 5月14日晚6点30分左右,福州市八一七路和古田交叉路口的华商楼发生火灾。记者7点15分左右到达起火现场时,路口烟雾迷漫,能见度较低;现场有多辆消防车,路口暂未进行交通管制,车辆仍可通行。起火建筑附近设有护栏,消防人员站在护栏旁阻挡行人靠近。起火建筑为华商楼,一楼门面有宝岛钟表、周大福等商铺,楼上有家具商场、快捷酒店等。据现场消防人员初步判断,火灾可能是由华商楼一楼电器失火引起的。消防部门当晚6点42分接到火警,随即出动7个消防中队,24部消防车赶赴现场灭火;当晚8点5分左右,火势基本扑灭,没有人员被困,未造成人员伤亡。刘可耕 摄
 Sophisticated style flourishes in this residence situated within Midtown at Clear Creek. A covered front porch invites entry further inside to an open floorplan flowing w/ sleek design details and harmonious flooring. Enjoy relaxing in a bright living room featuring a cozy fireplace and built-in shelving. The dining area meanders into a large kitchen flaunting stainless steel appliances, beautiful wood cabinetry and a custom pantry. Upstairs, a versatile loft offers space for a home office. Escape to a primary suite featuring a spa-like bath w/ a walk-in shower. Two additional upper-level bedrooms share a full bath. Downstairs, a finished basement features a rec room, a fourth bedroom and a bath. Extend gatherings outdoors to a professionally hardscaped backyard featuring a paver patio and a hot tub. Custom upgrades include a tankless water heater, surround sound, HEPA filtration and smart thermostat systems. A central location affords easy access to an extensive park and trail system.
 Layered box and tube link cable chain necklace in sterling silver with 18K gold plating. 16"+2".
==
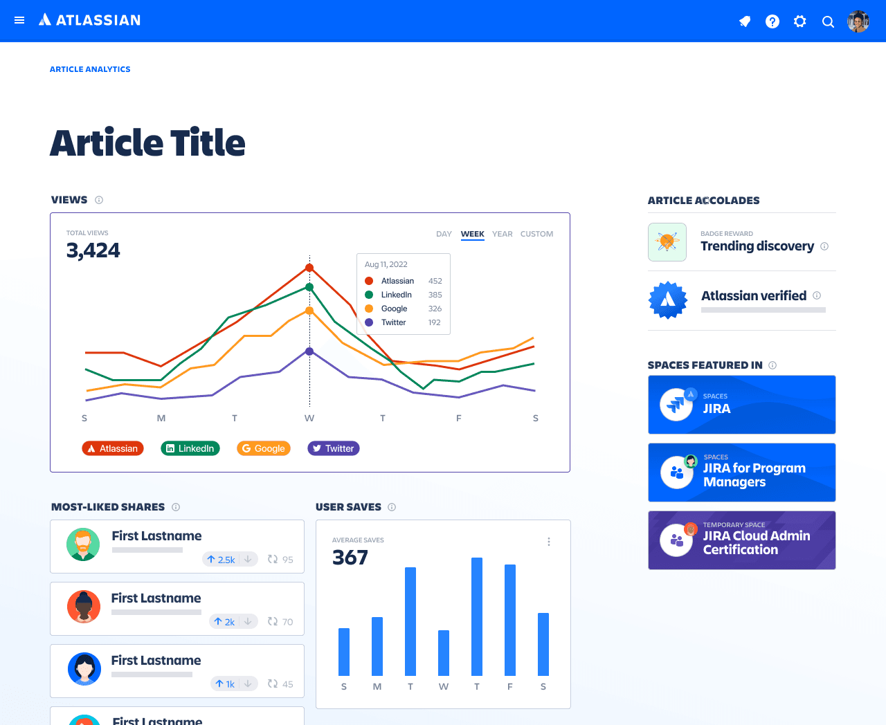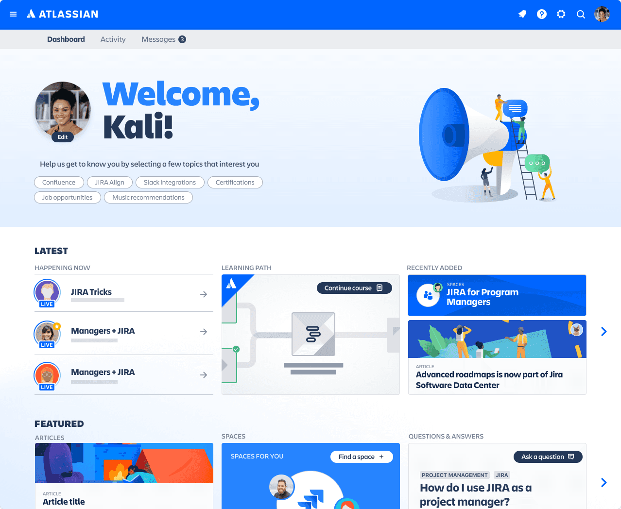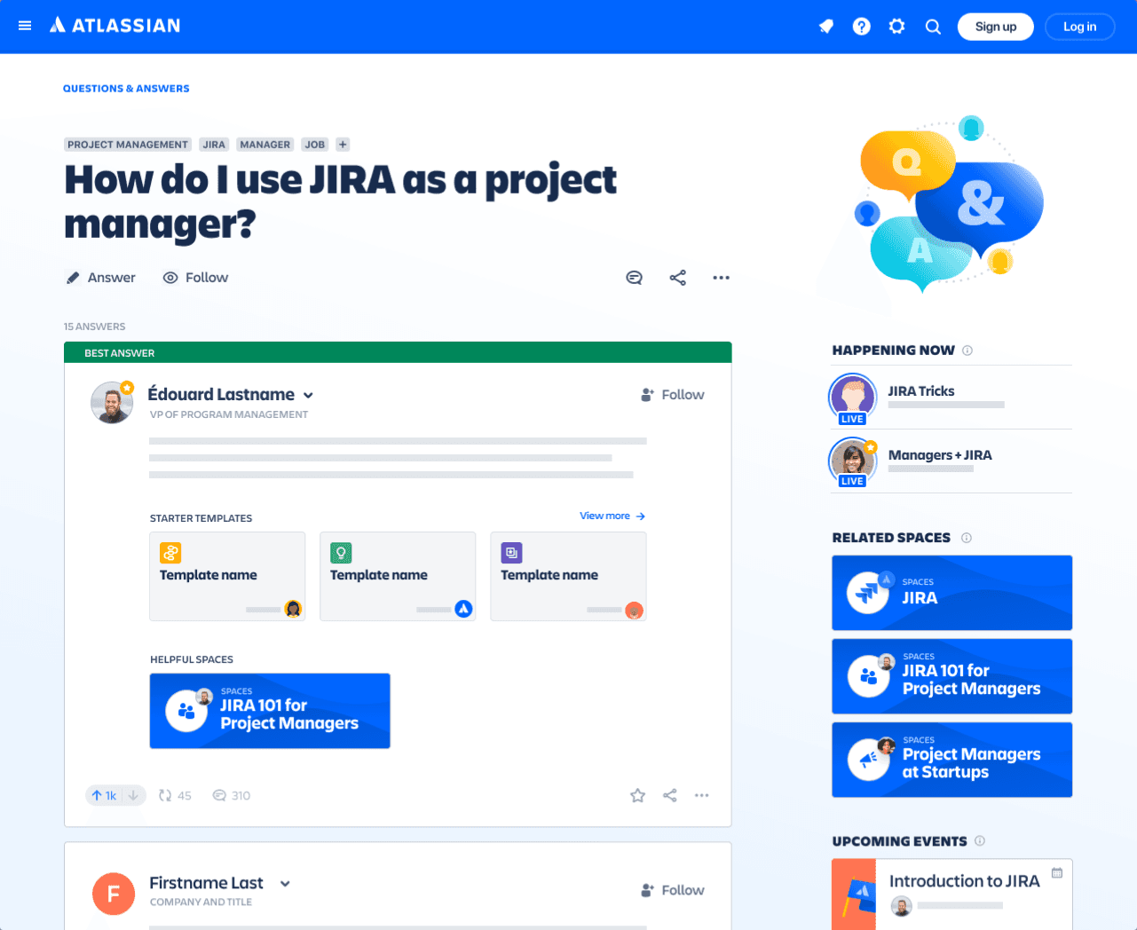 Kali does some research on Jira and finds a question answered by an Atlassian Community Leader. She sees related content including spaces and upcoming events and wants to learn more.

▶ _Problem to work on_:
From the records above, give again exactly the lines running from the line with "5月14日晚6点30分左右,福州市八一七" to the line with "Sophisticated style flourishes", inclusive.

▶ _Response area_:
 5月14日晚6点30分左右,福州市八一七路和古田交叉路口的华商楼发生火灾。记者7点15分左右到达起火现场时,路口烟雾迷漫,能见度较低;现场有多辆消防车,路口暂未进行交通管制,车辆仍可通行。起火建筑附近设有护栏,消防人员站在护栏旁阻挡行人靠近。起火建筑为华商楼,一楼门面有宝岛钟表、周大福等商铺,楼上有家具商场、快捷酒店等。据现场消防人员初步判断,火灾可能是由华商楼一楼电器失火引起的。消防部门当晚6点42分接到火警,随即出动7个消防中队,24部消防车赶赴现场灭火;当晚8点5分左右,火势基本扑灭,没有人员被困,未造成人员伤亡。刘可耕 摄
 Sophisticated style flourishes in this residence situated within Midtown at Clear Creek. A covered front porch invites entry further inside to an open floorplan flowing w/ sleek design details and harmonious flooring. Enjoy relaxing in a bright living room featuring a cozy fireplace and built-in shelving. The dining area meanders into a large kitchen flaunting stainless steel appliances, beautiful wood cabinetry and a custom pantry. Upstairs, a versatile loft offers space for a home office. Escape to a primary suite featuring a spa-like bath w/ a walk-in shower. Two additional upper-level bedrooms share a full bath. Downstairs, a finished basement features a rec room, a fourth bedroom and a bath. Extend gatherings outdoors to a professionally hardscaped backyard featuring a paver patio and a hot tub. Custom upgrades include a tankless water heater, surround sound, HEPA filtration and smart thermostat systems. A central location affords easy access to an extensive park and trail system.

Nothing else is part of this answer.